> **The task**: Without including any picture, copy the entries that follow word for word.

Dataset records
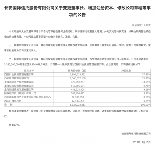 隨后,長(zhǎng)安信托在10月底完成章程修訂,11月完成了所有的變更手續(xù),并在官網(wǎng)發(fā)布公告。
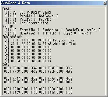 この時、さらに Ctrlキーも同時に押しておくと、サブコードとデータ(先頭、44.1kHz
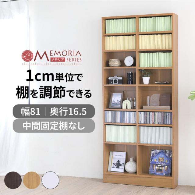 MEMORIA 本棚 薄型 オープン書棚 幅81 棚板が1cmピッチで調整できる メモリアシリーズ まるで図書館 スリム 大容量 文庫本 コミック(代引不可)【送料無料】
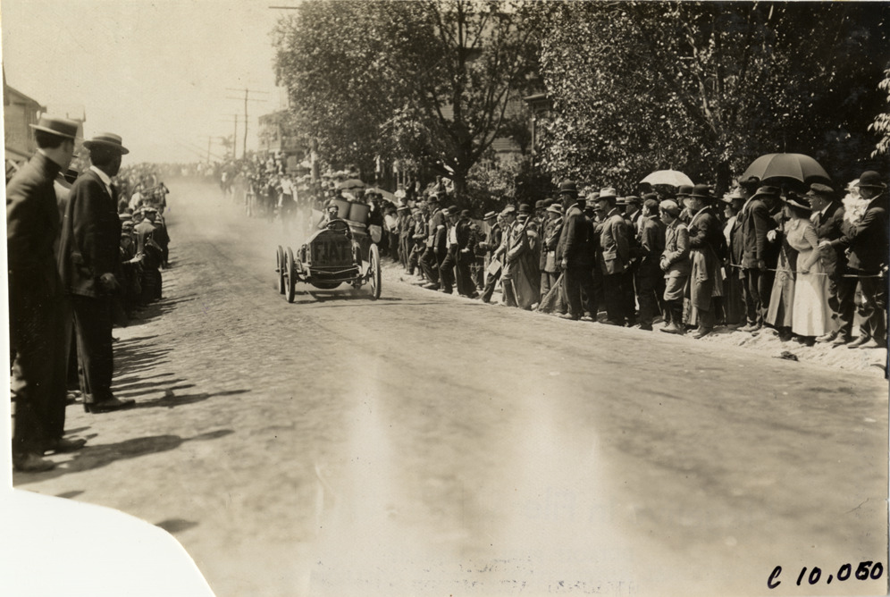 View of driver in Fiat racecar at 1909 Giant's Despair Hill Climb in Wilkes-Barre, Pennsylvania. Spectators watch from roadside. Stamped on back: "Spooner & Wells, Inc., photographers, telephones 3472-3473 Columbus, 1931 Broadway, New York." Handwritten on back: "Hill Climbs--Giant's Despair Hill Climb, 1909."
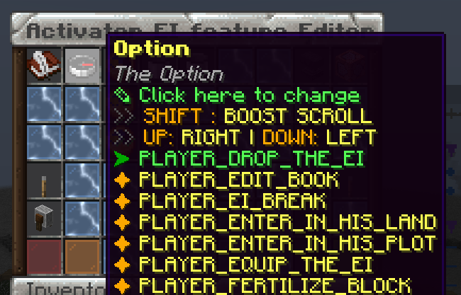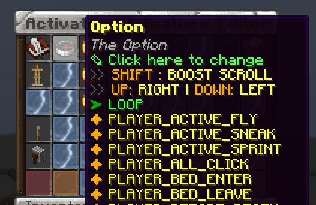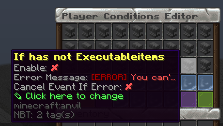 - Now, let's take a look at the method, it will consist on 2 loop activators, one in mainhand and the another one in all slots except mainhand, and, variables, that will disable the loop once it works one time + a PLAYER_DROP_THE_EI to also reduce the scoreboard value when the player drops the item, so it would look like this:
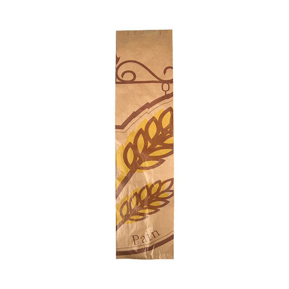 Sac à pain 2 baguettes en papier kraft brun décor passe-partout 140 x 60 x 560 mm, lot de 1000. Robuste et pratique, parfait pour transporter deux baguettes en toute sécurité.
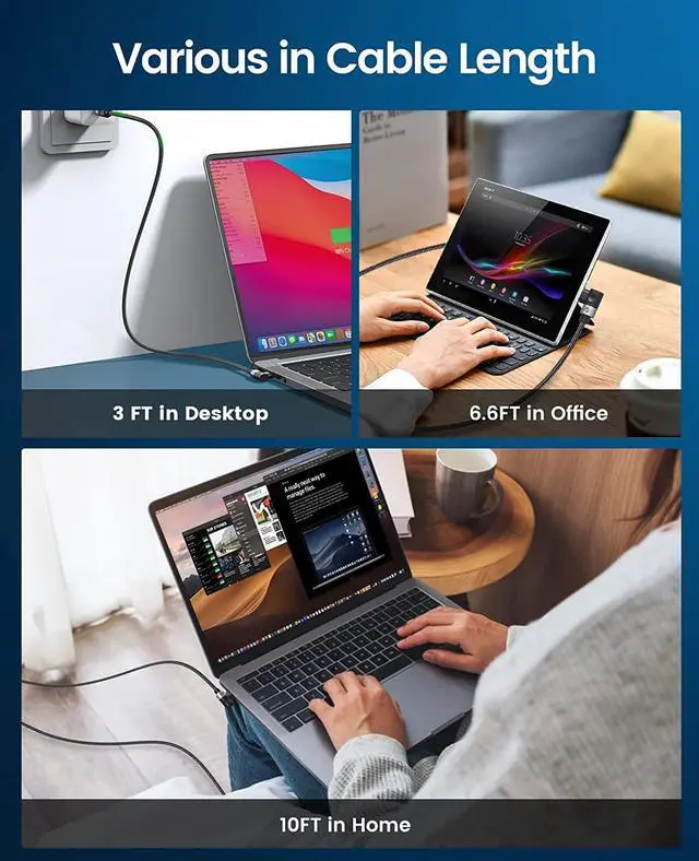 USB C cables are available in a variety of lengths (3ft, 5ft, 6.6 ft, 10ft) to meet various charging environments. Backward compatibility can serve all USB C devices such as laptops, tablets, mobile phones, Smart watches, headphones, etc. No need to buy additional fast charging cables for phones and laptops separately.
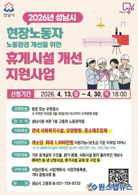 원스텝뉴스 이병희 기자 | 성남시는 휴게 여건이 열악한 민간 분야 현장노동자의 휴게권 보장과 노동환경 개선을 위해 사업장 휴게시설 개선 지원사업 참여기관과 기업을 추가 모집한다.
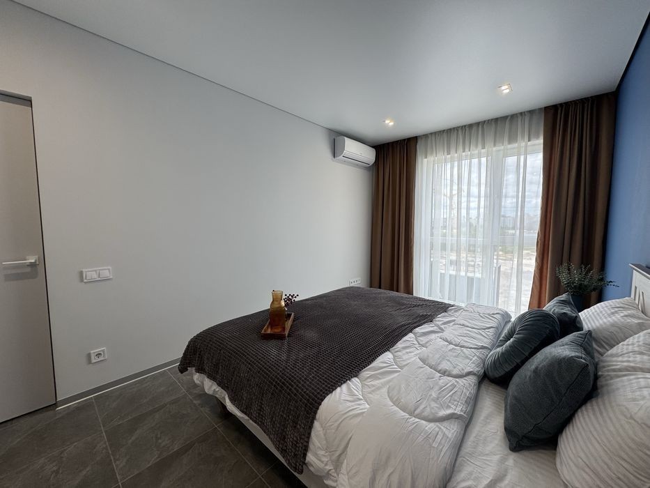 Квартира в найкращому комплексі на Митниці- Сіті-парк Новий сучасний ремонт, меблі, техніка Окрема спальня та зонована кухня Є вся необхідна техніка Автономне газове опалення Сам комплекс на березі Дніпра Двір має спортивні майданчики та альтанку з барбекю Закрита територія Є басейн Вартість 23000 грн + к. п Оплата перший місяць та страхова сума Послуги АН 50%
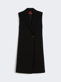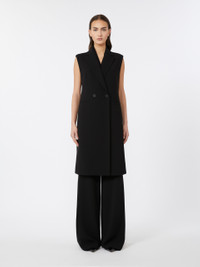 DETAILS Long, sleeveless jacket, distinguished by a double-breasted tailored construction. Cady jacket Straight cut Small lapel collar Low closure with two buttons Welt pockets at the front Lined COMPOSITION AND CARE Fabric 71% triacetate, 29% polyester; lining 70% acetate, 30% polyester. Do not wash; do not bleach; do not tumble dry; cool iron; professionally dry clean perchloroethylene - mild process; do not wet clean.; wash the garment while it is fastened.; do not iron the buttons.; protect buttons before washing.; turn the articles inside out before washing. Distributed by Max Mara S.r.l., registered office in Reggio Emilia (Italy), Via Giulia Maramotti 4, 42124 (IT)
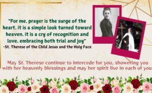 So, let’s imitate our Blessed Mother and St. Thérèse by saying, “yes” to God every day: by humbly and quietly accepting annoyances and difficulties, by seeking—and loving people who are difficult to be around, and by giving ourselves to others through small acts of charity. And, over the course of years, we will discover the secret to peace, joy, and love.
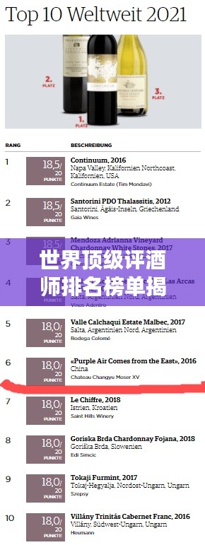 随着全球葡萄酒市场的繁荣和发展,评酒师这一职业逐渐受到广泛关注,他们凭借深厚的葡萄酒知识和独特的品鉴技巧,为人们带来关于葡萄酒的深入解析和评级,在世界顶级评酒师排名榜中,我们将探讨一些在行业内具有极高声誉和影响力的评酒师。
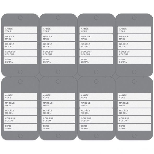 Étiquette Polyéthylène de couleur (1.5" x 2.5") pour concessionnaire automobile, sérigraphié en blanc au recto et au verso
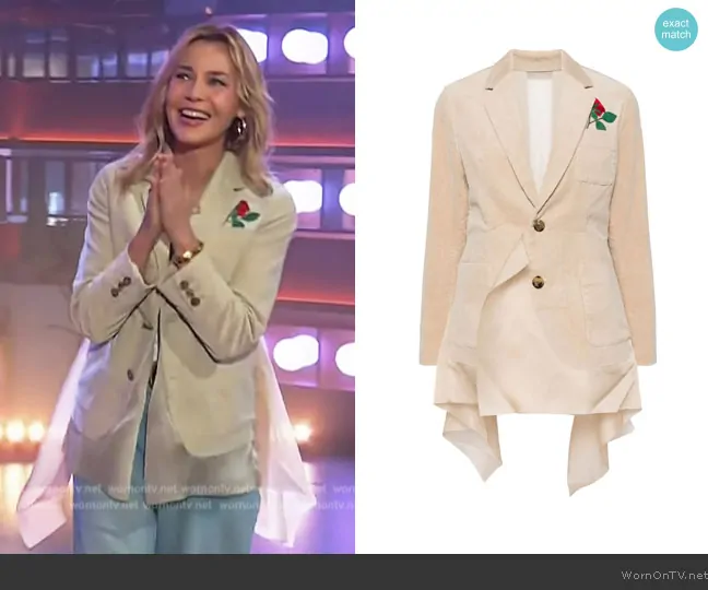 on The Kelly Clarkson Show on NBC was spotted wearing this velvet rose embroidered blazer on The Kelly Clarkson Show on Nov 22 2024's episode. 's Blazer is the Single-breasted blazer by Undercover.
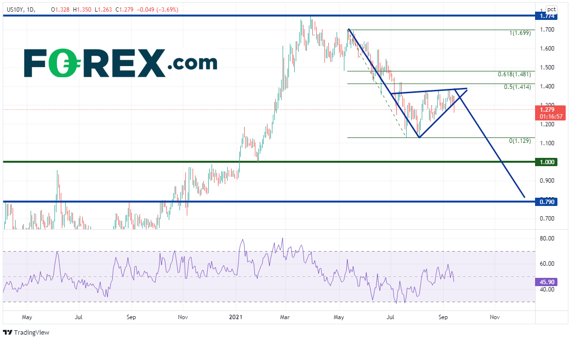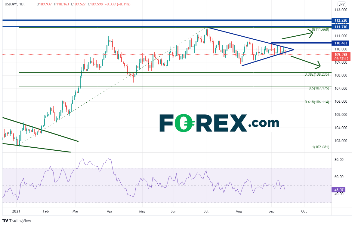 美元/日元最近对日元交易者一直不友好,但其终于准备好突破了吗?该货币对的日图显示,2021年上半年只有一个方向,那就是上涨。美元/日元在1月6日最低跌至102.59,而在7月3日最高到111.65。但从那以后,该货币对一直交投于对称三角形并盘整、逼近三角形的尖端。9月8日,该货币对假上破三角形后回到水平阻力位110.46附近。美元/日元周二似乎蓄力下破三角形。这是否有望给日元交易者带来等待已久的入场机会?
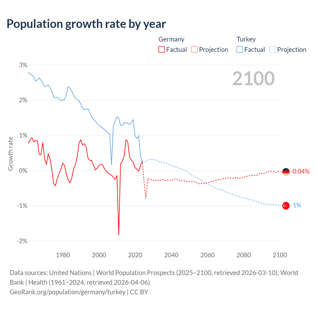 - For the last 10 years, Germany has had an average growth rate of +0.32% per year vs +1.06% in Turkey.

> **Response area**:
 隨后,長(zhǎng)安信托在10月底完成章程修訂,11月完成了所有的變更手續(xù),并在官網(wǎng)發(fā)布公告。
 この時、さらに Ctrlキーも同時に押しておくと、サブコードとデータ(先頭、44.1kHz
 MEMORIA 本棚 薄型 オープン書棚 幅81 棚板が1cmピッチで調整できる メモリアシリーズ まるで図書館 スリム 大容量 文庫本 コミック(代引不可)【送料無料】
 View of driver in Fiat racecar at 1909 Giant's Despair Hill Climb in Wilkes-Barre, Pennsylvania. Spectators watch from roadside. Stamped on back: "Spooner & Wells, Inc., photographers, telephones 3472-3473 Columbus, 1931 Broadway, New York." Handwritten on back: "Hill Climbs--Giant's Despair Hill Climb, 1909."
 - Now, let's take a look at the method, it will consist on 2 loop activators, one in mainhand and the another one in all slots except mainhand, and, variables, that will disable the loop once it works one time + a PLAYER_DROP_THE_EI to also reduce the scoreboard value when the player drops the item, so it would look like this:
 Sac à pain 2 baguettes en papier kraft brun décor passe-partout 140 x 60 x 560 mm, lot de 1000. Robuste et pratique, parfait pour transporter deux baguettes en toute sécurité.
 USB C cables are available in a variety of lengths (3ft, 5ft, 6.6 ft, 10ft) to meet various charging environments. Backward compatibility can serve all USB C devices such as laptops, tablets, mobile phones, Smart watches, headphones, etc. No need to buy additional fast charging cables for phones and laptops separately.
 원스텝뉴스 이병희 기자 | 성남시는 휴게 여건이 열악한 민간 분야 현장노동자의 휴게권 보장과 노동환경 개선을 위해 사업장 휴게시설 개선 지원사업 참여기관과 기업을 추가 모집한다.
 Квартира в найкращому комплексі на Митниці- Сіті-парк Новий сучасний ремонт, меблі, техніка Окрема спальня та зонована кухня Є вся необхідна техніка Автономне газове опалення Сам комплекс на березі Дніпра Двір має спортивні майданчики та альтанку з барбекю Закрита територія Є басейн Вартість 23000 грн + к. п Оплата перший місяць та страхова сума Послуги АН 50%
 DETAILS Long, sleeveless jacket, distinguished by a double-breasted tailored construction. Cady jacket Straight cut Small lapel collar Low closure with two buttons Welt pockets at the front Lined COMPOSITION AND CARE Fabric 71% triacetate, 29% polyester; lining 70% acetate, 30% polyester. Do not wash; do not bleach; do not tumble dry; cool iron; professionally dry clean perchloroethylene - mild process; do not wet clean.; wash the garment while it is fastened.; do not iron the buttons.; protect buttons before washing.; turn the articles inside out before washing. Distributed by Max Mara S.r.l., registered office in Reggio Emilia (Italy), Via Giulia Maramotti 4, 42124 (IT)
 So, let’s imitate our Blessed Mother and St. Thérèse by saying, “yes” to God every day: by humbly and quietly accepting annoyances and difficulties, by seeking—and loving people who are difficult to be around, and by giving ourselves to others through small acts of charity. And, over the course of years, we will discover the secret to peace, joy, and love.
 随着全球葡萄酒市场的繁荣和发展,评酒师这一职业逐渐受到广泛关注,他们凭借深厚的葡萄酒知识和独特的品鉴技巧,为人们带来关于葡萄酒的深入解析和评级,在世界顶级评酒师排名榜中,我们将探讨一些在行业内具有极高声誉和影响力的评酒师。
 Étiquette Polyéthylène de couleur (1.5" x 2.5") pour concessionnaire automobile, sérigraphié en blanc au recto et au verso
 on The Kelly Clarkson Show on NBC was spotted wearing this velvet rose embroidered blazer on The Kelly Clarkson Show on Nov 22 2024's episode. 's Blazer is the Single-breasted blazer by Undercover.
 美元/日元最近对日元交易者一直不友好,但其终于准备好突破了吗?该货币对的日图显示,2021年上半年只有一个方向,那就是上涨。美元/日元在1月6日最低跌至102.59,而在7月3日最高到111.65。但从那以后,该货币对一直交投于对称三角形并盘整、逼近三角形的尖端。9月8日,该货币对假上破三角形后回到水平阻力位110.46附近。美元/日元周二似乎蓄力下破三角形。这是否有望给日元交易者带来等待已久的入场机会?
 - For the last 10 years, Germany has had an average growth rate of +0.32% per year vs +1.06% in Turkey.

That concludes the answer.